Interestingly, despite the possibly inadvertent influence of civil court discourse upon therapeutic interventions, the converse influence is not apparent. The impetus to punish—sorry, “hold accountable”—the wayward sexually acting out figure does not extend to the legal arena. For some time now, divorce courts have stopped punishing infidelity (whether they think it addictive, gendered, or not), instead issuing “no fault” decrees on such matters. That places the matter of crime and punishment back in privately figurative courtrooms. Mental health providers, the sex addiction specialists who in effect preside over these private disputes likely tread a line that straddles tradition and latter-day social justice principles. They “validate” the betrayal suffered by impacted partners of a sex addiction, and “educate” victim and perpetrator as to the impact of auxiliary misbehaviors like gaslighting. But they must also avoid being mere advocates of monogamy, for that might place them in alliance with the unfashionably religious, plus that dreaded system of girl-power thwarting patriarchy. This is why the progressive-leaning SA specialist speaks of violated consent rather than monogamy. In the modern zeitgeist, to consent and be honest are the moral imperatives, not the values of exclusivity.

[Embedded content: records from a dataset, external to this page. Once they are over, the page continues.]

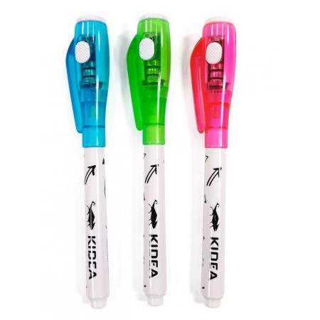Magiczny długopis z lampką LED posiada tusz widoczny tylko w świetle wbudowanej latarki UV. Tusz podczas pisania jest niewidoczny, aby przeczytać niewidzialną wiadomość należy podświetlic kartkę. To świetna zabawa w ukrywanie informacji przed niepożądanymi osobami i idealny sposób by strzec swoich sekretów. Zasilanie na baterie.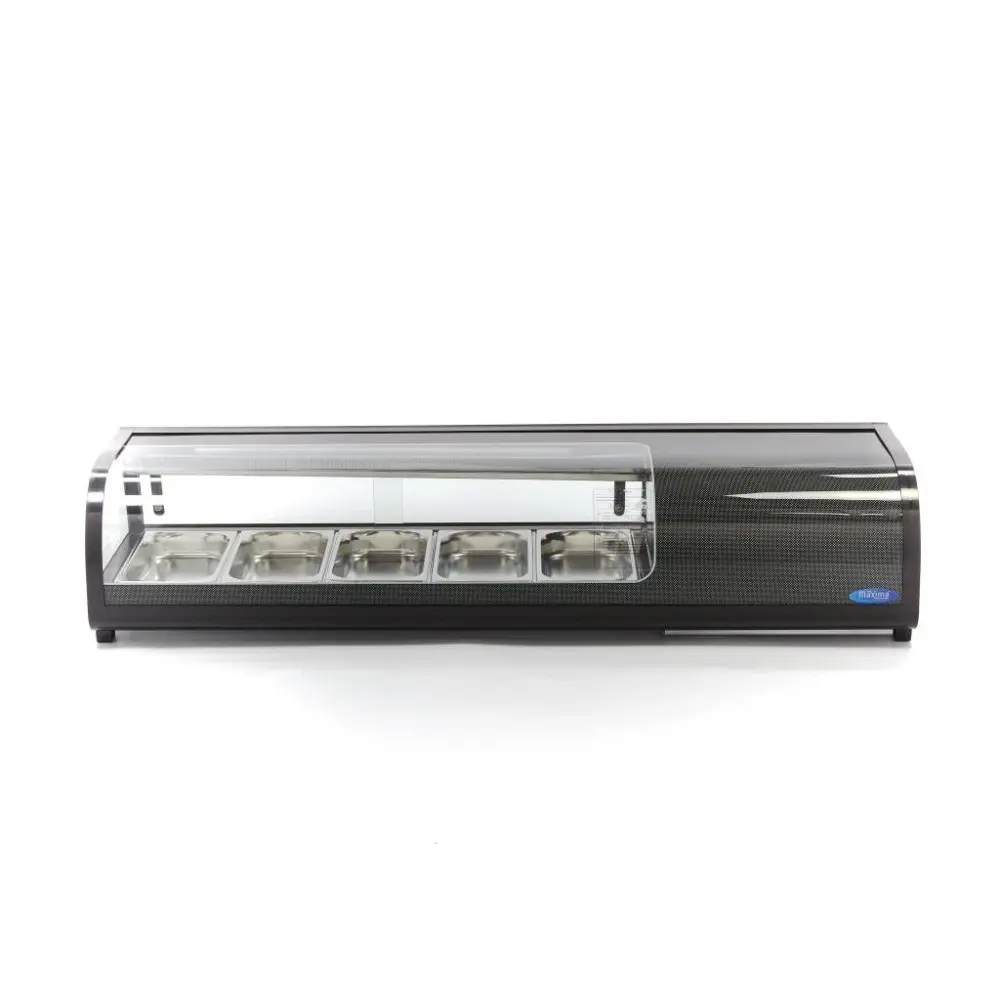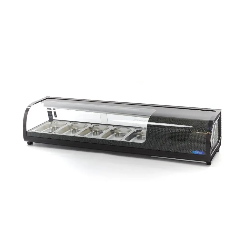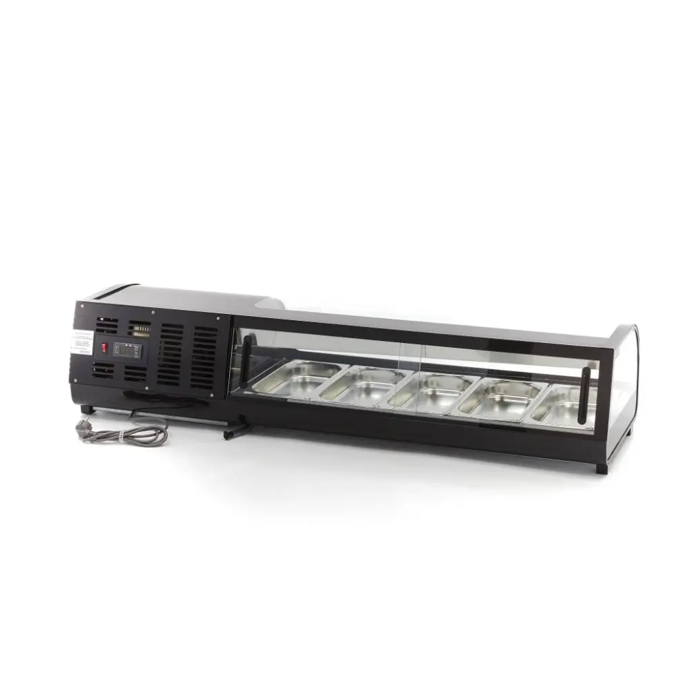 Tato stolní vitrína na tapas je vhodná jak k prezentaci potravin, tak k uchování vybraných položek v chladu. Zakřivené skleněné okno a elegantní černý kryt dodávají této vitríně luxusní vzhled. Díky tomu je vhodná k umístění na pult, aby hosté snadno viděli, co je v nabídce. Stolní vitrína je vhodná k prezentaci tapas, ale také k uchování sushi pokrmů a rybích výrobků v chladu. Tuto profesionální vitrínu na tapas lze použít v kombinaci s nádobami GN a dodává se s 5 x 1/3 nádobami GN připravenými k použití.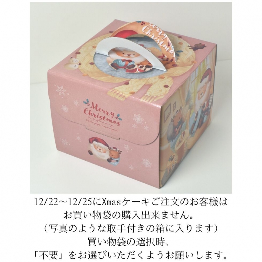 12/21〜12/25にXmasケーキご注文のお客様はお買い物袋の購入出来ません。(取手付きの箱に入ります)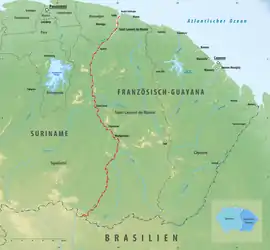 Trazado de la frontera franco-surinamesa (en rojo). | ||||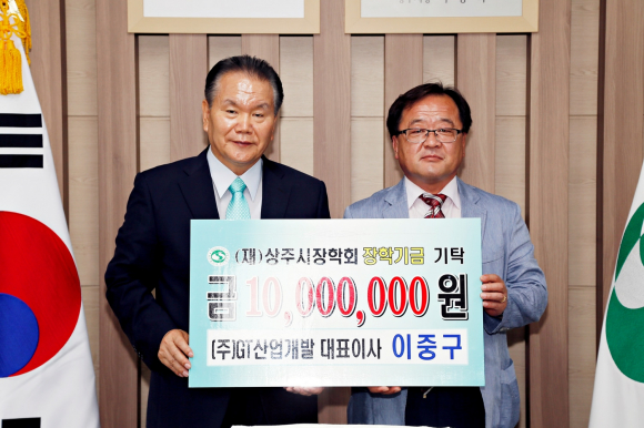 상주시 사벌면 목가리 소재 ㈜ GT산업개발(대표이사 이중구)이 9일 상주시청을 방문해 (재)상주시장학회에 장학금 1,000만원을 기탁했다.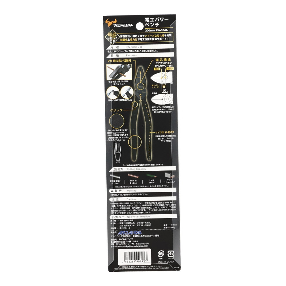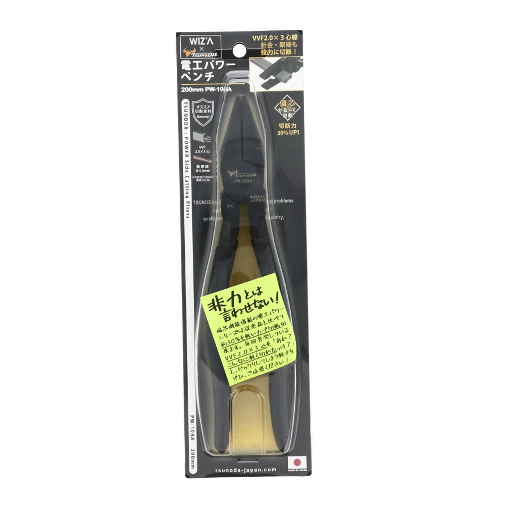 電工パワーペンチ 200mm PW-104A 2024 8/15 WIZ'A 2024.08.15 × 電工パワーペンチ 200mm PW-104Aブランド:WIZ'A JANコード:4952269907933商品コード:233441規格・品番:PW-104A 商品サイズ(mm)縦212 x 横42 x 高さ12重さ(g)340仕様用途:ケーブル線、線材の切断 偏芯タイプで切断力UP商品コメントカシメ部を下に付けて軽い力で切断。同じカテゴリーの商品電工Fペンチ 220mm DF-220A 電工Fペンチ 165mm DF-165A パワー先曲万能ラジオペンチ 150mm GTBR-150P電工パワーペンチ 175mm PW-103AWIZA ブラック強力ニッパ125mm WIZA ブラックラジオペンチ125mmパワー万能ラジオペンチ 150mm GTR-150P電工パワーニッパー強力刃 200mm PW-324A WIZ'A 電工パワーペンチ 175mm PW-103A 電工パワー万能ペンチ200mm PW-114A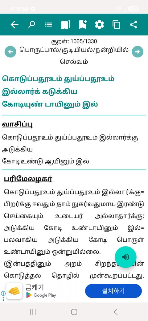 வாசிப்பு: கொடுப்பதூஉம் துய்ப்பதூஉம் இல்லார்க்கு அடுக்கிய கோடிஉண்டு ஆயினும் இல்.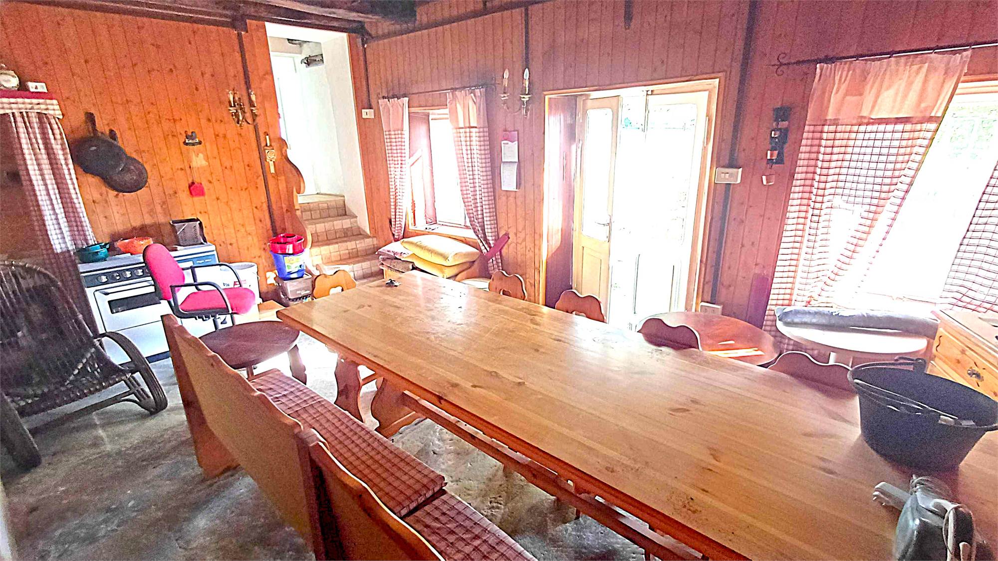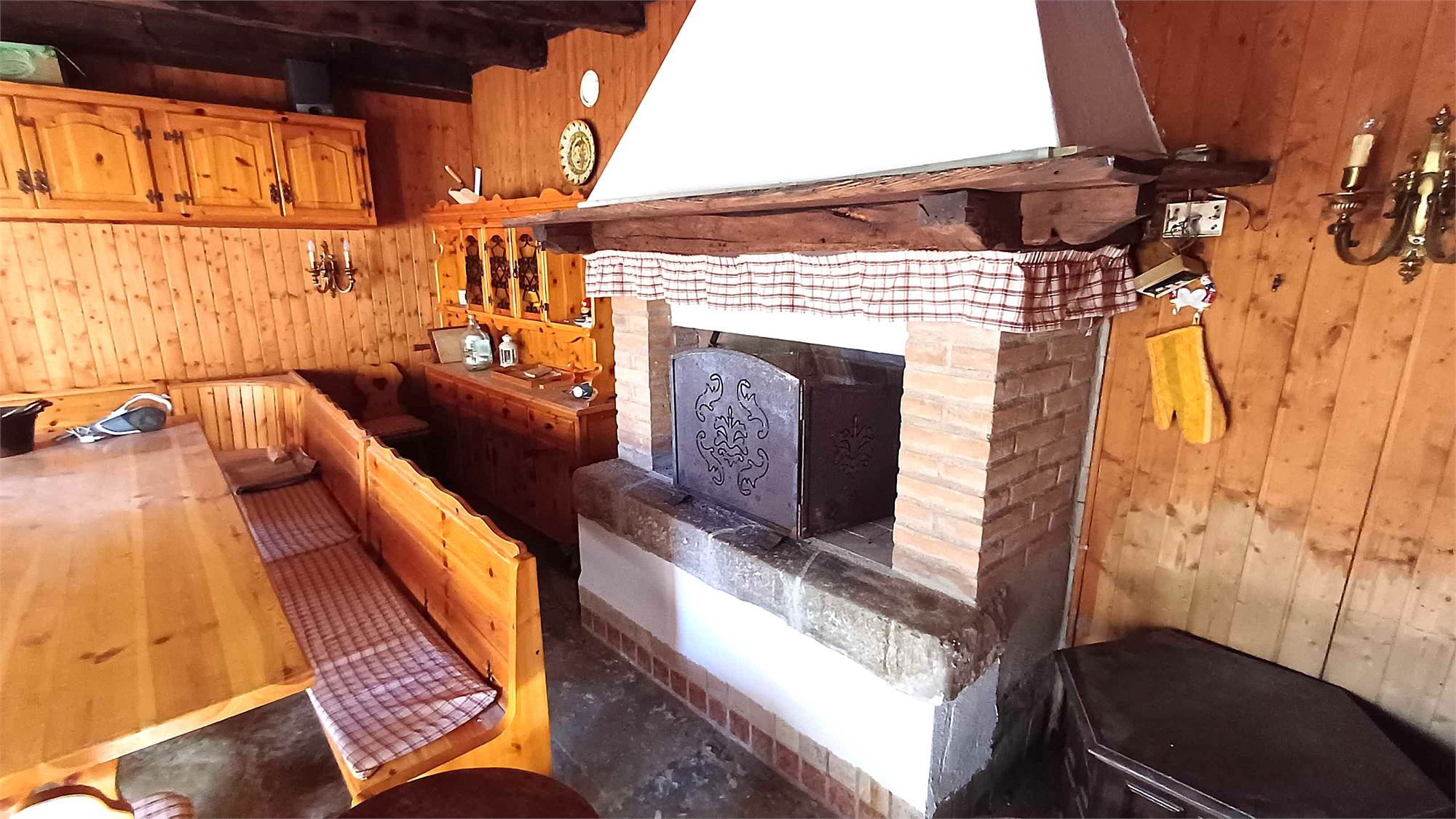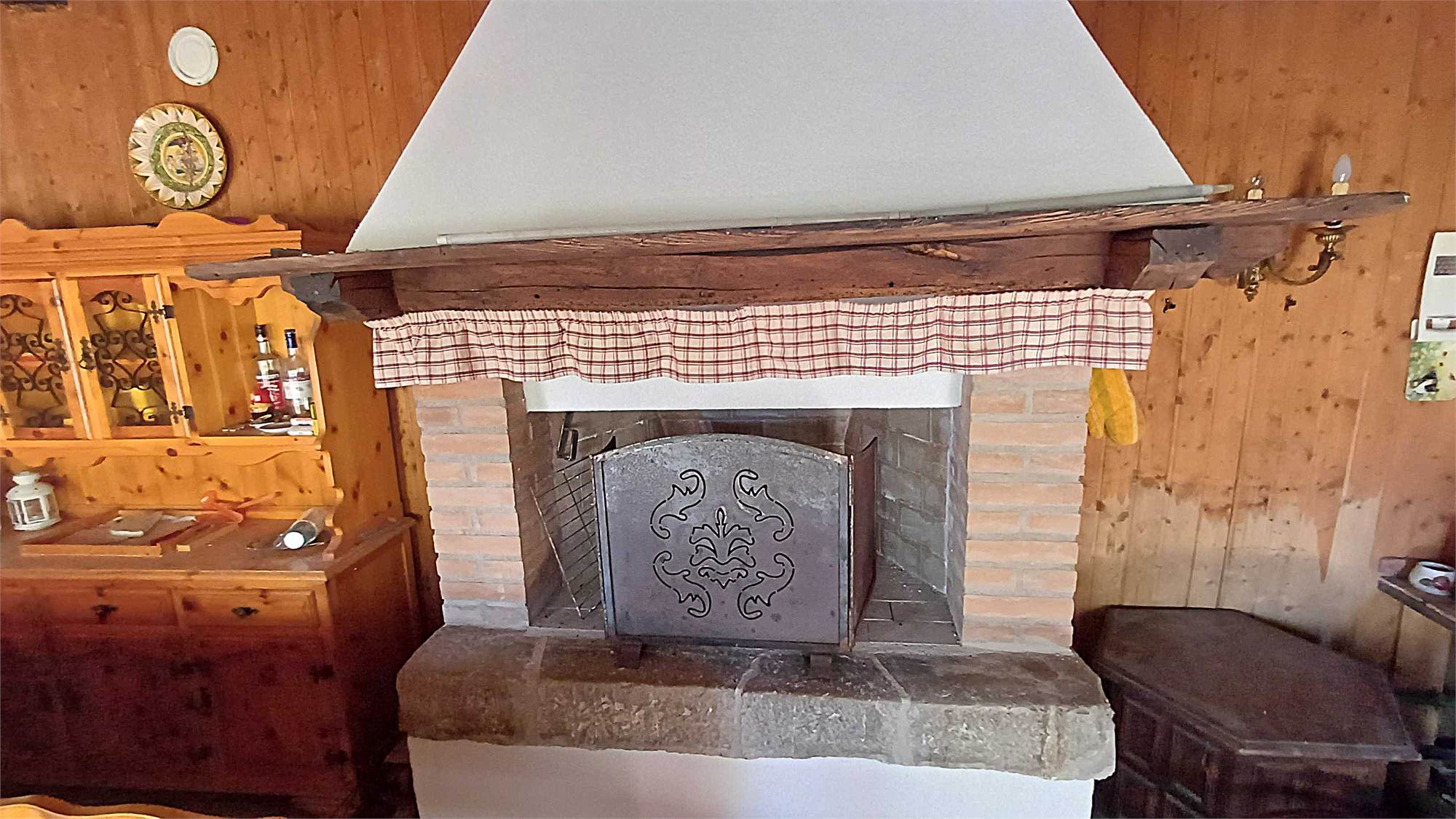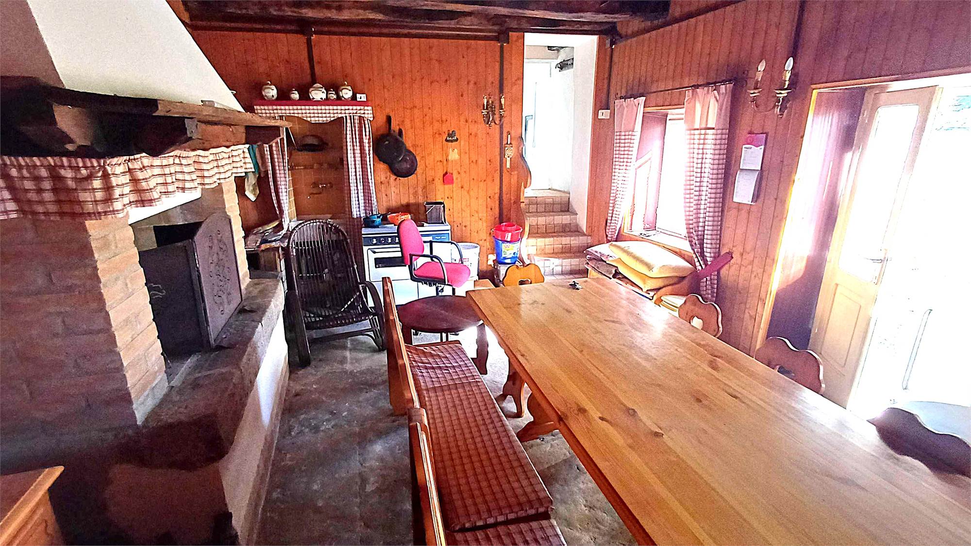 Piano terra: zona giorno con grande caminetto, bagno e ripostiglio;

As a result, sex addiction specialists tend to speak of betrayal while dodging the m word. Again, this is so that seemingly value-neutral concepts like honesty, or the analogy of contractual agreements (apparently an ethos that traditionalists and social justice types can both agree upon), can be invoked without provoking older Superego specters. The new Superego also prefers the term spiritual to connote a departure from the oppressive inflections of the word religion, which tends to suggest rules and dogma, things known (spiritual seems to indicate that which is unknown), not so much a connection to the divine, which is ambiguous, un-dogmatic and refreshingly new agey. The new S-ego prefers to invoke consent as the issue to supplant the concept of monogamy, but still to indicate the ethic of contracts. This, for example, features in Braun-Harvey & Vigorito’s 2016 list of ethical guidelines for sexual health, as indicated in their book Treating Out of Control Sexual Behaviors. See, then the matter is that a partner didn’t “consent” to the addictive pattern, and thus a perpetration of harm has occurred. A sound argument in itself, however much phenomena occurs in intimate relationships that would fall under the “I didn’t bargain for…” category. But most societies don’t craft marriage vows pertaining to excess shopping, hoarding, or video-game playing. And so, there’s no escaping the impression that moral tradition and developmental histories are what really drive the concept of betrayal trauma—not commonly upsetting behaviors or naturally occurring phenomena like threats to life and limb—what the PTSD diagnosis was originally meant to observe. Suggesting equivalences between traumas calls for a lot of reframing, or re-branding, designed to soothe the passage of words into the mind or down into that oft-decision-making gut. I’m not sure it’s convincing, actually, this rhetorical massage. I think we might as well add a term to the inventory of traumas. A psychiatrist and classics scholar named Jonathan Shay has termed this moral injury. How about moral trauma?

*If the reader is interested in a more artful and certainly less co-opted depiction of trauma, try Andrey Tarkovsky’s cult classic film, The Stalker. In it, characters are drawn to a mysterious zone, an area supposedly destroyed by a wayward meteor, leaving behind debris of a ruined civilization. A guide (dubbed “stalker”) leads interested soul-seekers into the forbidden area, taking them to a mythical room within the zone wherein all of the seekers’ personal needs, hopes, desires will be met. It seems a metaphor for an analytic or spiritual journey, and it is not without obstacles, including rules that the stalker appears to impose with neurotic impulsivity. This room: it cannot be approached too directly, too penetratively, he warns. Worldly goods, such as one character’s knapsack of presumedly invaluable items—an expression of his rational control—must be left behind. The filmmaker is saying something about an everyman or woman’s journey. He’s also saying something about how we must tenderly approach a scorched yet still beautiful earth.